**EXERCISE GOAL:** Within the records below, find the line with "Continuando con las" and the line with "Cappotto Boss in", then reproduce exactly those two lines and all lines between them, without any picture.

**DATASET:**
=== Begin Enclosure ===
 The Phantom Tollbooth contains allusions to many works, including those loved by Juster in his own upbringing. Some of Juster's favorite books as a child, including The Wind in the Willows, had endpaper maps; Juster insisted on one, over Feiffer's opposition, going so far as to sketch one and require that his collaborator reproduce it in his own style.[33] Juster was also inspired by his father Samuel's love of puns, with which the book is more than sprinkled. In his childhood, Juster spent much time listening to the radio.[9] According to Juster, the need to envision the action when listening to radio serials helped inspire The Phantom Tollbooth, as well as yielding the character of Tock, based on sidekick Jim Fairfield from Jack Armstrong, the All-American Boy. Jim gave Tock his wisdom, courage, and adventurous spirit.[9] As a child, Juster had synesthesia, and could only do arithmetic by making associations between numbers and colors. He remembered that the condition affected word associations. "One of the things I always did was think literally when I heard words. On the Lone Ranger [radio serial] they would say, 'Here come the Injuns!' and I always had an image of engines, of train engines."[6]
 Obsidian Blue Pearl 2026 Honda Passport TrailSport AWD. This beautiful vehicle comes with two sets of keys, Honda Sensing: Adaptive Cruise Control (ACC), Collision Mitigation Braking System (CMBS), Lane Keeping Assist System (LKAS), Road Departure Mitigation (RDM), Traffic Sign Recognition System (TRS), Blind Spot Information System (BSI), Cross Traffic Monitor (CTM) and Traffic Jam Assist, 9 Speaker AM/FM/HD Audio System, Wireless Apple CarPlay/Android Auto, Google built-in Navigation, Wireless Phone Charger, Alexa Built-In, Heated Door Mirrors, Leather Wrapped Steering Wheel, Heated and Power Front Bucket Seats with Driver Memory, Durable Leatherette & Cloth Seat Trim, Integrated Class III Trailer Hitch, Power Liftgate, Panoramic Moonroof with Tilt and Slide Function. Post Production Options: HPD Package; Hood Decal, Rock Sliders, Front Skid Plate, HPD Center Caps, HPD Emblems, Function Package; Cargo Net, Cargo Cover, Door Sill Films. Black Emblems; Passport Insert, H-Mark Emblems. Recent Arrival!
=== End Enclosure ===
=== Begin Enclosure ===
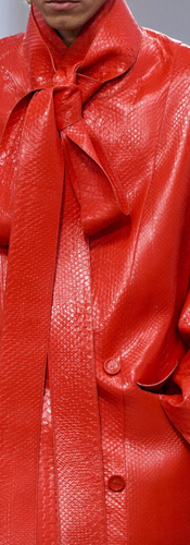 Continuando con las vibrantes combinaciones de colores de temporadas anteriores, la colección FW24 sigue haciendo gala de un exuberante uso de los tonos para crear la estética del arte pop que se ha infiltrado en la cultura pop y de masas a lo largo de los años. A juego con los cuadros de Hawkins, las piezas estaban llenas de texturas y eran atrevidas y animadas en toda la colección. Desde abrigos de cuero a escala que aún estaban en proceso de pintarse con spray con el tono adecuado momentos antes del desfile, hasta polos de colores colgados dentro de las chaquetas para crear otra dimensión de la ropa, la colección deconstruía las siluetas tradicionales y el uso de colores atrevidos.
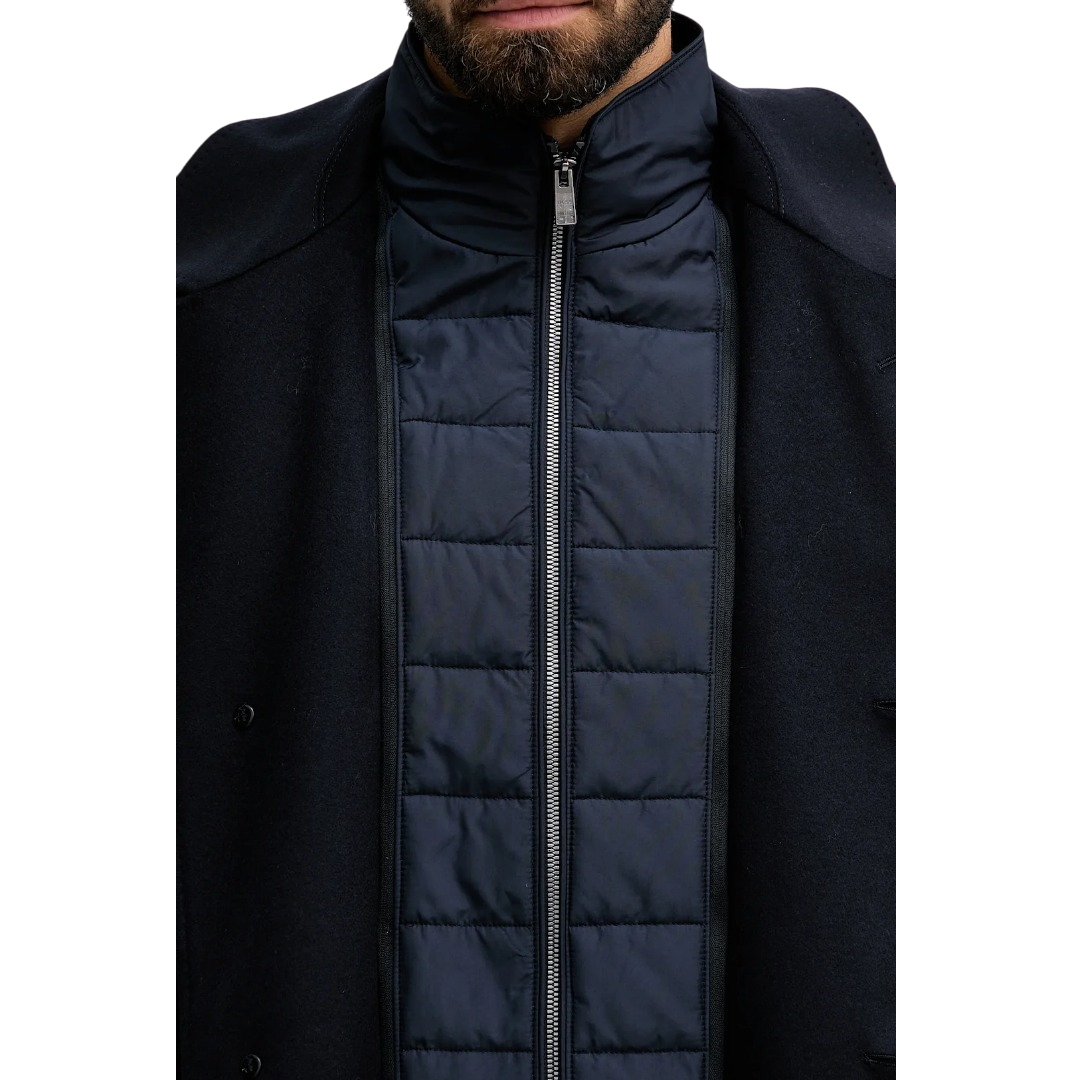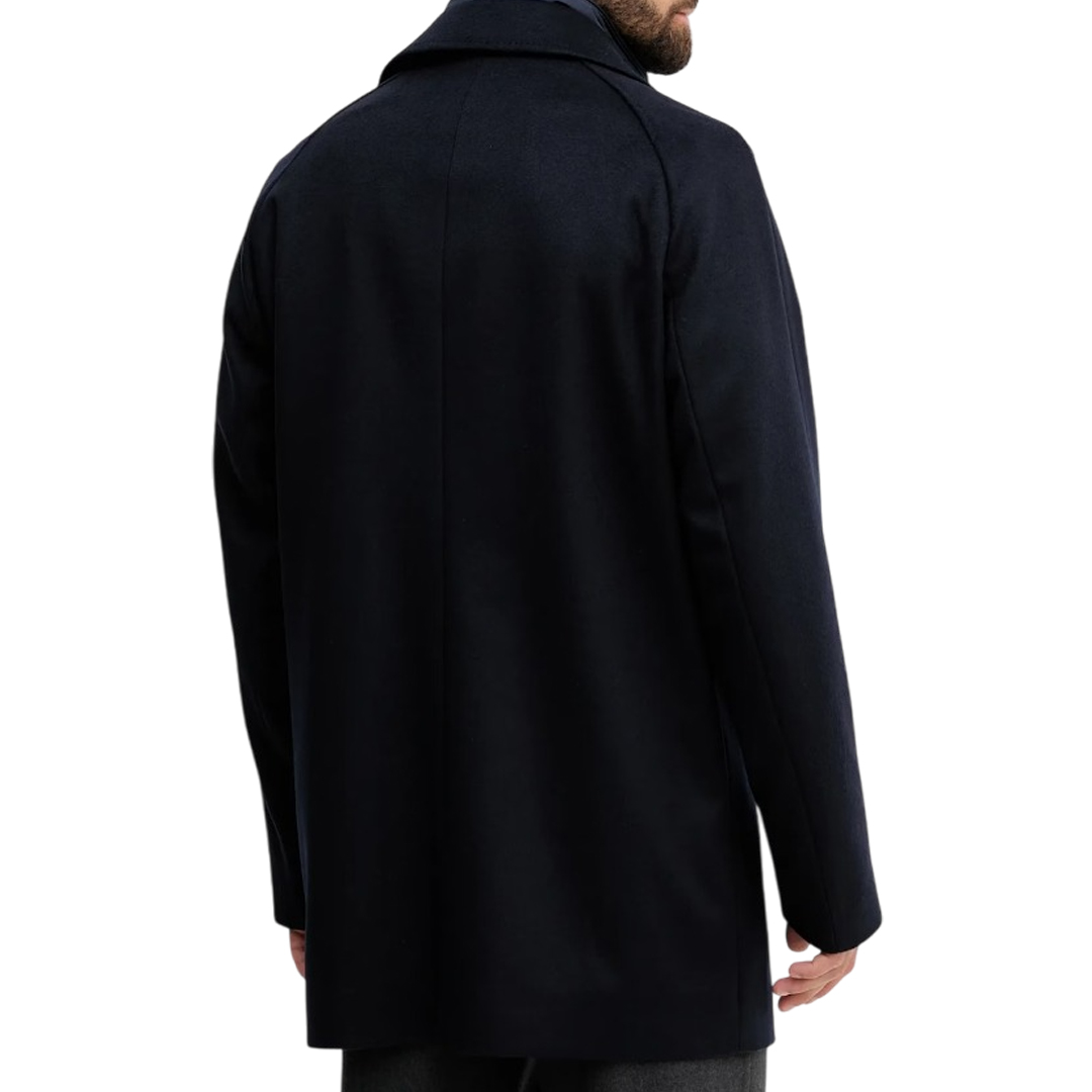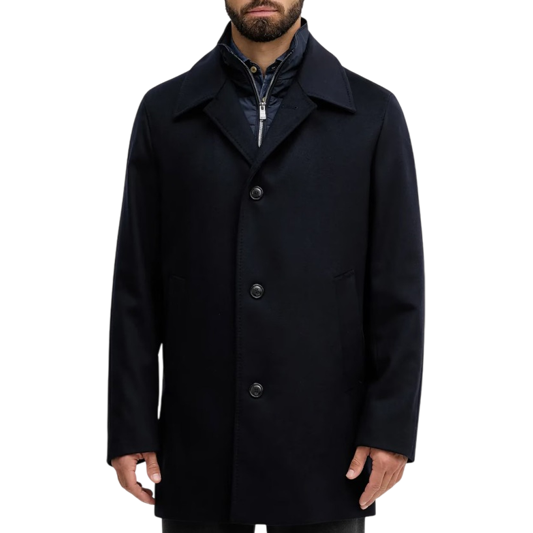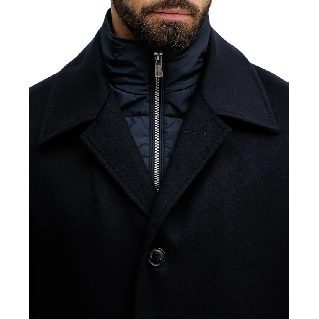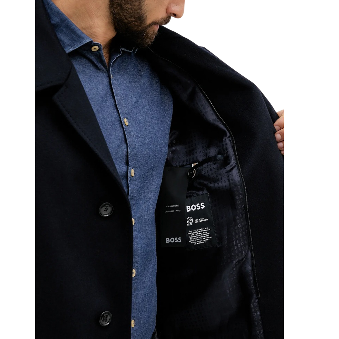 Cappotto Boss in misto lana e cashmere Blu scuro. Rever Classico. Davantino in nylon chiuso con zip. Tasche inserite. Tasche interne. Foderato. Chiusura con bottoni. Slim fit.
=== End Enclosure ===
**RESULT:**
 Continuando con las vibrantes combinaciones de colores de temporadas anteriores, la colección FW24 sigue haciendo gala de un exuberante uso de los tonos para crear la estética del arte pop que se ha infiltrado en la cultura pop y de masas a lo largo de los años. A juego con los cuadros de Hawkins, las piezas estaban llenas de texturas y eran atrevidas y animadas en toda la colección. Desde abrigos de cuero a escala que aún estaban en proceso de pintarse con spray con el tono adecuado momentos antes del desfile, hasta polos de colores colgados dentro de las chaquetas para crear otra dimensión de la ropa, la colección deconstruía las siluetas tradicionales y el uso de colores atrevidos.
 Cappotto Boss in misto lana e cashmere Blu scuro. Rever Classico. Davantino in nylon chiuso con zip. Tasche inserite. Tasche interne. Foderato. Chiusura con bottoni. Slim fit.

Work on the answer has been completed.